To examine the role of IL-33/ST2 signaling in neuropathic pain in SNI mice, an ST2-neutralizing antibody was delivered intrathecally on the 7th day after SNI. The ST2 antibody (at doses of 30, 100, and 300 ng) dose-dependently increased the ipsilateral paw-withdrawal threshold in the von Frey tests and also decreased the duration of lifting/licking in the acetone tests. Moreover, the ST2 antibody at doses of 100 to 300 ng, particularly 300 ng, significantly attenuated the mechanical (two-way ANOVA, treatments: F3,44 = 4.975, P = 0.0076; treatment × time: F24,352 = 1.986, P = 0.012) and cold allodynia (two-way ANOVA, treatments: F3,44 = 5.093, P = 0.0082; treatment × time: F24, 352 = 2.142, P < 0.0001) (fig. 1, C and D) from 3 to 7 h, and these effects peaked at 5 h after administration. In addition, from the 3rd day to the 8th day after SNI, the ST2-neutralizing antibody (300 ng) was injected once daily for 6 days, and the mechanical and cold pain behavior of the mice was analyzed at 8 h after injection (fig. 1, E and F) when the immediate analgesic effect had diminished. The mechanical pain behavior was attenuated after 3 to 4 days of injection, and the paw-withdrawal threshold increased by approximately 50% compared with the IgG group (fig. 1E). This therapeutic analgesic effect was also observed for cold allodynia (fig. 1F). Furthermore, ST2 gene knockout (ST2−/−) mice were used to illustrate the role of IL-33/ST2 signaling on the development of neuropathic pain. SNI-induced mechanical allodynia in the ipsilateral hind paws was reduced in the ST2−/− mice compared with the WT mice (two-way ANOVA, treatments: F3,40 = 5.463, P = 0.018; treatment × time: F21,280 = 2.312, P = 0.0080) (fig. 1G). Interestingly, the cold allodynia of the ipsilateral hind paws was nearly completely reversed in the ST2−/− mice after SNI compared with the WT mice (two-way ANOVA, treatments: F3,40 = 5.627, P = 0.0054; treatment × time: F21,280 = 2.449, P < 0.0001) (fig. 1H). These results demonstrated that the ST2 receptor blockade and the genetic deletion of the ST2 gene both ameliorated the development and maintenance of mechanical and cold allodynia after SNI, and these findings are indicative of the important role of IL-33/ST2 signaling in neuropathic pain.

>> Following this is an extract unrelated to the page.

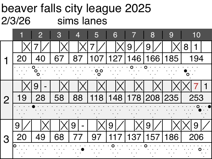 Game 2: 253 (9 strikes, 0 spares, 2 opens-1 split)

Furthermore, intrathecal administration of rIL-33 in naive mice decreased the paw-withdrawal threshold and increased the duration of lifting/licking in dose-dependent manners (at the doses of 10, 30, and 90 ng). Moreover, at doses of 30 to 90 ng (particularly the 90-ng dose), rIL-33 significantly decreased the paw-withdrawal thresholds (two-way ANOVA, treatments: F3,28 = 5.493, P = 0.0076; treatment × time: F24,224 = 2.046, P = 0.0062) and increased the durations of lifting/licking (two-way ANOVA, treatments: F3,28 = 5.823, P = 0.0079; treatment × time: F24,224 = 2.367, P = 0.00568) between 2 and 5 h, and these effects peaked at 3 h after administration (fig. 1, I and J). These findings demonstrate that intrathecal IL-33 itself is sufficient to induce mechanical and cold allodynia. To further illustrate that the effects of IL-33 were ST2 dependent, rIL-33 (90 ng) was intrathecally administered in the ST2−/− mice. We found that rIL-33 did not induce mechanical (two-way ANOVA, treatments: F3,28 = 2.023, P = 0.63; treatment × time: F24,224 = 1.212, P = 0.42) or cold allodynia (two-way ANOVA, treatments: F3,40 = 2.327, P = 0.37; treatment × time: F21,280 = 1.312, P = 0.45) in the ST2−/− mice (fig. 1, K and L). These data indicated that rIL-33 induced mechanical and cold allodynia in an ST2-dependent manner.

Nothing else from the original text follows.